用于治疗糖尿病的药剂及其制备方法和应用与流程

本发明涉及医药技术领域，具体而言，涉及一种用于治疗糖尿病的药剂及其制备方法和应用。

背景技术：

苦豆子又名西豆根、苦甘草、布亚，属于豆科槐属多年生草本或基部木质化植物(sophoraalopecuroidesl.)，其生长在荒漠、半荒漠、半固定沙丘和固定沙丘的碱性沙质土壤中，主要分布在中国的新疆、甘肃、青海、宁夏、内蒙古、陕西等省。苦豆子耐盐碱、耐贫瘠、耐干旱，是西北地区防风、固沙、抗盐碱侵蚀的重要植被。苦豆子全株味苦、性寒，具有清热燥湿、止痛等功效，主治痢疾、胃痛、湿疹、疮疖和顽癣等病症。西北地区部分省区已将苦豆子列入重点保护的道地药材，纳入国家《中药现代化科技产业行动计划》中。

目前已有不少关于苦豆子的化学成分和药理作用报道，目前对于苦豆子的研究大多都集中在槐属药用植物所特有的生物碱成分。姚雯等从苦豆子的种子中分离出7种生物碱类成分，分别为苦参碱、氧化苦参碱、槐果碱、9α-羟基槐果碱、氧化槐果碱、9α-羟基槐胺碱、(-)-13,14-去氢槐定碱,并首次得到一种非生物碱化合物3-吲哚甲醛。高红英等从新疆苦豆子的种子中首次分得9α-羟基苦参碱，同时分离得到苦参碱、槐定碱和氧化苦参碱。苦豆子中还含有黄酮类化学成分，热孜古丽·克依木等首次从新疆苦豆子中分离鉴定出3种黄酮类化学成分，分别为3′,4′-二羟基异黄酮-7-o-β-d-吡喃葡萄糖苷、7,3′-二羟基二氢黄酮-4′-o-β-d-吡喃葡萄糖苷及芦丁。卞海涛等从苦豆子中首次分离得到5,6-二羟基-3,7,3′,4′-四甲氧基黄酮、β-胡萝卜苷、3′-甲氧基-木犀草素3种化学成分，同时得到苦豆双黄酮苷、紫铆查尔酮。同时，苦豆子含有多种挥发油成分，盖静等利用气相色谱-质谱联用(gc-ms)法从苦豆子全草中分离得到糠醛、2-己烯醛及1,3-二甲基-苯等22种挥发油成分，并测得其全草含挥发油为1.9％。王凯等采用水蒸气蒸馏法和索氏提取法得到挥发油乙丁醚、4-甲基-4-羟基-2-戊酮、2-甲基萘、2-乙烯基萘及正十五碳烷。另外，苦豆子中还分离得到甾体、多糖、氨基酸酚类和一些非生物碱类化学成分。

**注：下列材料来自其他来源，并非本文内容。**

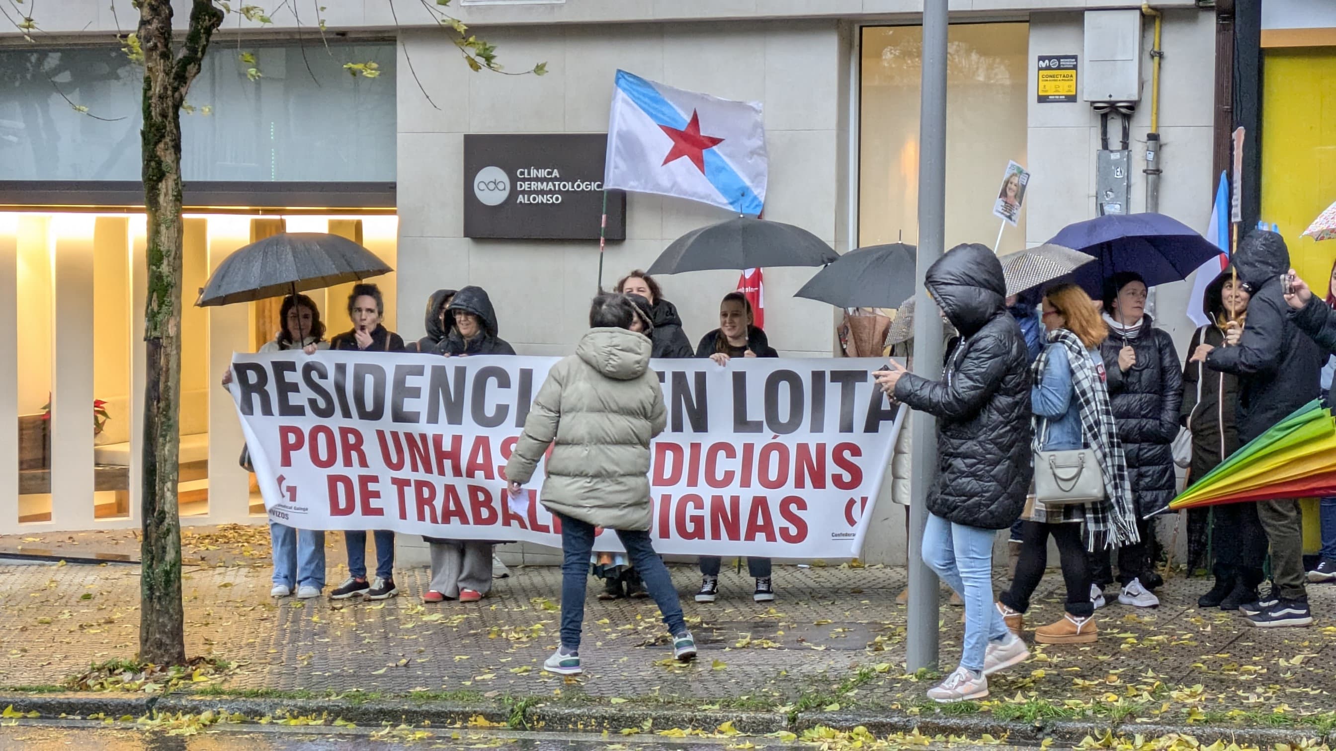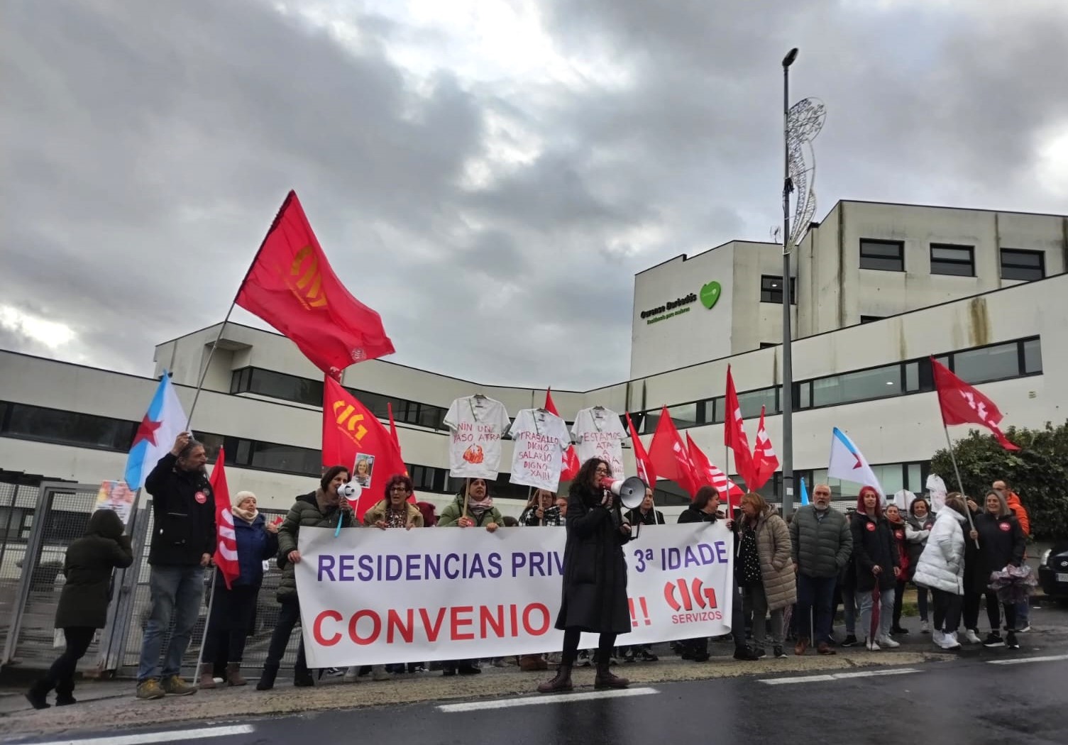Representantes das traballadoras de residencias privadas, en loita por un convenio digno, concentráronse esta tarde diante do Parlamento de Galiza coincidindo coa intervención da conselleira de Política Social, Fabiola García, en resposta á interpelación da nacionalista Olalla Rodil. A CIG denuncia que a conselleira eludiu toda responsabilidade abandonando “á súa sorte” ao persoal destes centros.

在药理活性评价方面，张爽等研究发现苦参碱、槐定碱对小鼠的痛反应均有明显的抑制作用。余建强等发现氧化槐定碱和氧化苦参碱对小鼠有中枢抑制作用，表现为镇静催眠作用。侯延辉等研究发现苦参碱和槐果碱等均可以调节体温调节中枢，使正常体温降低，抑制直肠升温。这表明苦豆子具有影响中枢神经系统的作用。刘静等研究发现苦豆子的生物碱具有抗肿瘤作用，其机制主要是调控bcl-2,caspase蛋白家族和ask1-p38信号途径等细胞凋亡过程中的重要靶点。现代药理学实验研究也表明，苦豆子生物总碱在体内外均有抗肿瘤作用。而且其生物碱衍生物施普睿达也有明显抗肿瘤作用。韩燕等发现苦豆子的生物碱类成分可以明显减轻小鼠体内的炎症反应。tiana等发现苦豆子生物总碱对幽门螺旋杆菌引起的炎症反应有明显抑制作用。此外，钱慧发现苦豆子槐果碱可以显著减轻大鼠肝脏纤维化程度。申林卉等发现苦豆子的多糖进行羧甲基化修饰后有清除羟基自由基的能力。总而论之，苦豆子的药理活性主要有抗癌、消炎、抑菌、影响中枢神经系统、抗氧化等作用。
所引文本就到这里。